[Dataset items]
◆ ◆ ◆ ◆

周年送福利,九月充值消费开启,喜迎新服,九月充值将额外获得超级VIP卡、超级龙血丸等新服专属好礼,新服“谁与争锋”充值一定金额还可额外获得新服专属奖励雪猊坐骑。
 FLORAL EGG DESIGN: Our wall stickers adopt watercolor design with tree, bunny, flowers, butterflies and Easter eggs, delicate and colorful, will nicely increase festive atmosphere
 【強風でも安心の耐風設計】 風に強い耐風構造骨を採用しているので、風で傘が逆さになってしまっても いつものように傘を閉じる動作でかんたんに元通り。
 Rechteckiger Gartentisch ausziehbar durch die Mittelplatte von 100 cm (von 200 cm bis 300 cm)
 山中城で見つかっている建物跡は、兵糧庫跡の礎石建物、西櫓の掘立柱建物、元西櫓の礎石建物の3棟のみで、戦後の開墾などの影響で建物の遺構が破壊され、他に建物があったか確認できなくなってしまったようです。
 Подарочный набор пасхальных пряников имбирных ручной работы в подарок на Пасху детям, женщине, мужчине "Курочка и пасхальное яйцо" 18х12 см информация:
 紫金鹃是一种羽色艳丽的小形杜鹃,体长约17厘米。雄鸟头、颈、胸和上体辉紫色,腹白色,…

◆ ◆ ◆ ◆

§ **WHAT IS REQUIRED**
Output the complete set of records word for word.

§ **RESPONSE TO THIS EXERCISE**
周年送福利,九月充值消费开启,喜迎新服,九月充值将额外获得超级VIP卡、超级龙血丸等新服专属好礼,新服“谁与争锋”充值一定金额还可额外获得新服专属奖励雪猊坐骑。
 FLORAL EGG DESIGN: Our wall stickers adopt watercolor design with tree, bunny, flowers, butterflies and Easter eggs, delicate and colorful, will nicely increase festive atmosphere
 【強風でも安心の耐風設計】 風に強い耐風構造骨を採用しているので、風で傘が逆さになってしまっても いつものように傘を閉じる動作でかんたんに元通り。
 Rechteckiger Gartentisch ausziehbar durch die Mittelplatte von 100 cm (von 200 cm bis 300 cm)
 山中城で見つかっている建物跡は、兵糧庫跡の礎石建物、西櫓の掘立柱建物、元西櫓の礎石建物の3棟のみで、戦後の開墾などの影響で建物の遺構が破壊され、他に建物があったか確認できなくなってしまったようです。
 Подарочный набор пасхальных пряников имбирных ручной работы в подарок на Пасху детям, женщине, мужчине "Курочка и пасхальное яйцо" 18х12 см информация:
 紫金鹃是一种羽色艳丽的小形杜鹃,体长约17厘米。雄鸟头、颈、胸和上体辉紫色,腹白色,…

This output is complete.